Inggris tampil sangat buruk melawan Denmark dan Gareth Southgate harus keluar, bersama dengan gelandang Trent Alexander-Arnold. Itu adalah Aljazair yang buruk.
1) “Ini bukan Inggris yang saya kenal. Saya harap, saat kami memainkan pertandingan berikutnya, kami melupakan performa ini dan lupa bermain dengan rasa takut dan tanpa percaya diri. Sungguh luar biasa, kesalahan para pemain. Ketika mereka tidak bisa mengontrol bola, atau melewatkan umpan-umpan mudah. Kami melewatkan segalanya. Ini luar biasa mengingat level para pemain Inggris. Saya tidak suka berbicara tentang pemain secara individu. Ketika Anda tidak bermain bagus, itu karena tim. Saya bisa mengubah taktik, saya akan mencoba melakukan sesuatu yang berbeda. Tidak akan sulit untuk mengangkat mereka sebelum Slovenia.”
Fabio Capello berbicara setelah kejadian terburuk yang mungkin terjadiInggriskinerja turnamen dalam memori baru-baru ini. Menyebutkan kata 'Aljazair' atau Emile Heskey yang melakukan stepover saja sudah merupakan peringatan bagi elemen tertentu dari basis pendukung negara tersebut. Hasil imbang tanpa gol di Piala Dunia 2010 telah menghantui seluruh generasi.

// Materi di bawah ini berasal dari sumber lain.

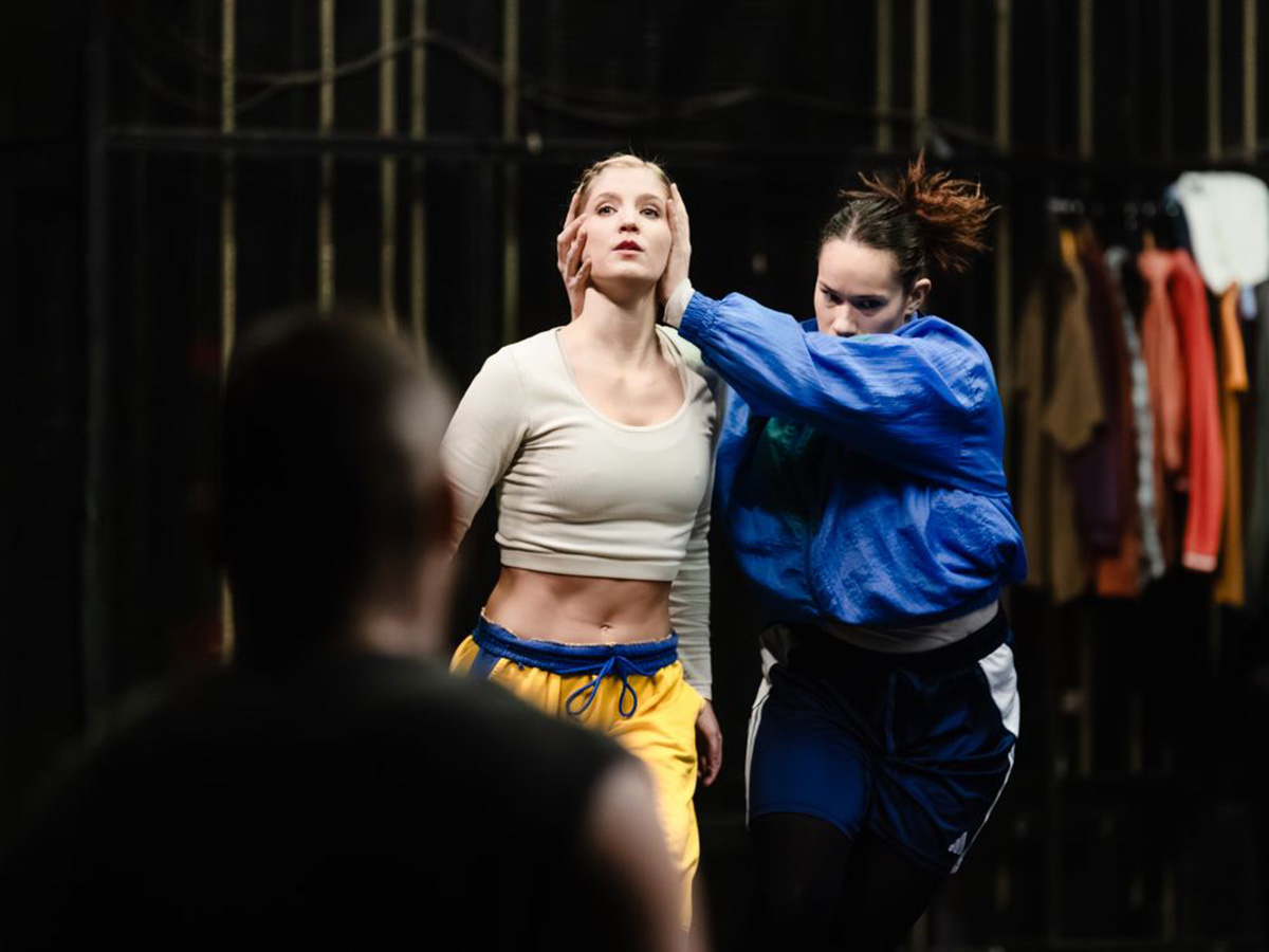 Već u prvom prizoru, u predstavi Acid/Kiselina, slojevita scenografija Barbore Ðulniûtë sugerira svijet kazaliðne i plesne umjetnosti kao u sebe zatvoreni mikrokozmos kojim upravlja implicitna boþanska instanca. Prva plesaèica (Ema Bates) zagrijava se sama u mraku plesne dvorane (jedne od scena u sceni). Postupno se okupljaju i druge plesačice (Luna Lilek, Gabrijela Kambić Kovačić, Dorotea Domović) i asistenti (Nikolina Prkačin, Adrian Pezdirc, Mateo Videk), započinjući svoje individualne rutine prije zajedničkog rada na koreografskom materijalu, paralelno s projekcijama u prednjem scenskom planu. Ansambl predvode Frano Mašković (Gabrijel), Nataša Dangubić (Sonja) i Filip Nola (Adrian).

Hingga hanya tersisa satu pertandingan grup tersisa melawan Slovenia untuk memperbaiki banyak masalah, dan sang manajer juga menghindari pertanyaan mengenai masa depannya yang semakin meningkat setelah penampilan yang buruk, penuh kesalahan, dan panik, hal-hal tersebutKutipan manajer Inggrisbisa saja terjadi setelah pertandingan melawan Denmark; itu sama buruknya.
Bahkan ada beberapa penjajaran antara ledakan frustrasi Wayne Rooney “senang melihat penggemar Anda sendiri mencemooh Anda” 14 tahun yang lalu dan Kyle Walker menyalahkan lingkungan “bermusuhan” dari tempat netral yang didominasi oleh penggemar Inggris atas ketidakmampuan peringkat tim selama 90 menit.
Itu sangat menghancurkan jiwa, dan pemerintahannya sangat buruk.
2) Baik Southgate maupun FA telah menyatakan dengan jelas bahwa mereka ingin melanjutkan hubungan ini hingga Piala Dunia 2026, tetapi kinerja ini cukup buruk untuk mengakhiri kepura-puraan tersebut.Inggris tidak memiliki rencana suksesidan jika hal ini tidak memaksa mereka untuk segera merancangnya, maka tidak akan ada yang bisa dilakukan.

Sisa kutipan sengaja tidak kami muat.